Os filhos naturais da dona de casa, Thiago e Ana Cláudia, foram determinantes para que Marilucia continuasse a criar as duas meninas. “Eles insistiam para que eu deixasse elas dormirem em casa. Ficavam com medo de que acontece alguma coisa fora daqui”, lembra. Para Marilucia, a adoção foi uma forma de devolver a Deus a graça de ter sido mãe de filhos tão bons. “Eles nunca me deram trabalho, sempre foram ótimos filhos”, explica.

A entrada de Rafaela e Bruna em sua vida não mudou apenas o dia-a-dia doméstico mas está, ainda hoje mudando a sua maneira de ver o mundo. “Por causa delas estou estudando de novo junto com o meu marido. Estamos indo para escola para poder ajudá-las nos estudos. Até isso elas trouxeram para mim”, diz.

* Os nomes de algumas entrevistas e de seus filhos foram trocados para preservar suas identidades

Maternidade além da barriga

A mulher se torna mãe a partir da concepção. É mãe de um embrião, depois de um feto, mais tarde de um bebê. A relação da mulher com aquela criatura que cresce dentro dela é intenso desde o primeiro momento. Mas isso é o que basta para fazer uma mãe?

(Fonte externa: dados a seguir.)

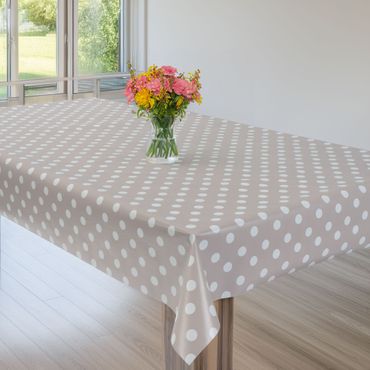 Laro Wachstuchtischdecke Punkte Taupe PVC Eckig
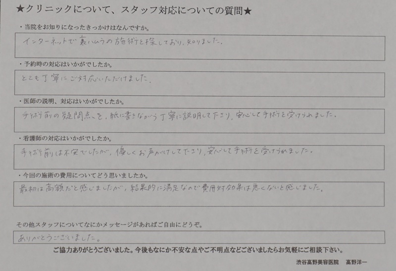 裏ハムラ法の手術を受けられた30代女性。

Para a psicóloga Elaine Olmo, ser mãe está além do âmbito biológico, que é importante mas não único. Por isso uma mãe adotiva pode ser tão mãe como uma mãe biológica. “Ela pode suprir toda a necessidade física e emocional do seu filho. O amor ao filho não depende de uma carga genética”, afirma. A psicóloga lembra que muitas mães adotivas dizem que se apaixonaram pelos filhos nos primeiros momentos que os viram, o que criou instantaneamente um laço natural. “A mãe adotiva jamais será menos mãe pelo fato de não ter gerado o filho”, afirma.

Uma mulher de coragem

A cabeleireira Lia Damasceno demonstra claramente uma outra característica comum em mães adotivas: a discrição. Ela, como todas as outras, não gosta muito de falar sobre os filhos adotivos para preservá-los de qualquer comentário ou preconceito. Natural de Ananindeua, no Pará, Lia é mãe de nada menos que 17 filhos, com idades entre 3 e 30 anos, sendo 15 deles de criação.

Como muitos deles possuem problemas físicos, a cabeleireira vem pelo menos três vezes por ano ao Centrinho, em Bauru, para que eles sejam tratados. “Comecei adotar porque as crianças precisavam de mim”, diz. Para cuidar de uma família tão grande sozinha (ela é solteira), Lia conta, às vezes, com a ajuda financeira da mãe e das irmãs, pensionistas da Marinha. “A gente tem que se esforçar muito, mas vale a pena”, avalia.

Em casa, ela garante que o relacionamento com os filhos e filhas é igual ao de qualquer família comum. “Eles não dão trabalho. A gente tem momentos muito bons, mas quando precisa a gente briga também”, afirma, com um ar de quem não está fazendo nada demais. A modéstia também costuma acompanhar essas mulheres de fibra.